The value of an option can be estimated using a variety of quantitative techniques based on the concept of risk neutral pricing and using stochastic calculus. The most basic model is the Black-Scholes model. More sophisticated models are used to model the volatility smile. These models are implemented using a variety of numerical techniques. In general, standard option valuation models depend on the following factors:
- The current market price of the underlying security,
- the strike price of the option, particularly in relation to the current market price of the underlying (in the money vs. out of the money),
- the cost of holding a position in the underlying security, including interest and dividends,
- the time to expiration together with any restrictions on when exercise may occur, and
- an estimate of the future volatility of the underlying security’s price over the life of the option.
More advanced models can require additional factors, such as an estimate of how volatility changes over time and for various underlying price levels, or the dynamics of stochastic interest rates.
The following are some of the principal valuation techniques used in practice to evaluate option contracts.
Black-Scholes
Following early work by Louis Bachelier and later work by Edward O. Thorp, Fischer Black and Myron Scholes made a major breakthrough by deriving a differential equation that must be satisfied by the price of any derivative dependent on a non-dividend-paying stock. By employing the technique of constructing a risk neutral portfolio that replicates the returns of holding an option, Black and Scholes produced a closed-form solution for a European option’s theoretical price. At the same time, the model generates hedge parameters necessary for effective risk management of option holdings. While the ideas behind the Black-Scholes model were ground-breaking and eventually led to Scholes and Merton receiving the Swedish Central Bank’s associated Prize for Achievement in Economics (a.k.a., the Nobel Prize in Economics), the application of the model in actual options trading is clumsy because of the assumptions of continuous (or no) dividend payment, constant volatility, and a constant interest rate. Nevertheless, the Black-Scholes model is still one of the most important methods and foundations for the existing financial market in which the result is within the reasonable range.

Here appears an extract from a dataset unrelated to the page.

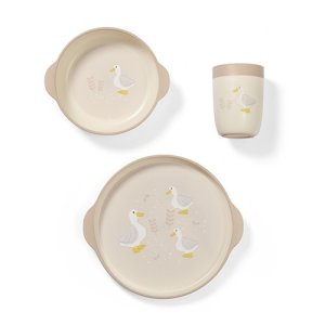 Jídelní souprava pro děti – talíř, miska a sklenička pro samostatné jídlo. Naše dětská jídelní souprava obsahuje vše, co potřebujete k tomu, aby vaše dítě mohlo začít s prvními pokusy o samostatné jídlo. Souprava obsahuje talíř, misku a skleničku, ideální pro podávání teplých i studených pokrmů, a také pro učení se pít z otevřené sklenice. Odborníci tvrdí, že tento způsob pití přispívá ik rozvoji řeči a zlepšuje koordinaci rukou a očí, posiluje svaly obličeje a úst a omezuje kontakt nápojů se zuby, čímž pomáhá předcházet zubnímu kazu. Souprava roste spolu s vaším dítětem - je praktická, bezpečná a podporuje rozvoj zdravých návyků. Jsou snadno uchopitelné i pro malé dětské ručičky.

Stochastic volatility models
Since the market crash of 1987, it has been observed that market implied volatility for options of lower strike prices are typically higher than for higher strike prices, suggesting that volatility is stochastic, varying both for time and for the price level of the underlying security. Stochastic volatility models have been developed including one developed by S.L. Heston. One principal advantage of the Heston model is that it can be solved in closed-form, while other stochastic volatility models require complex numerical methods.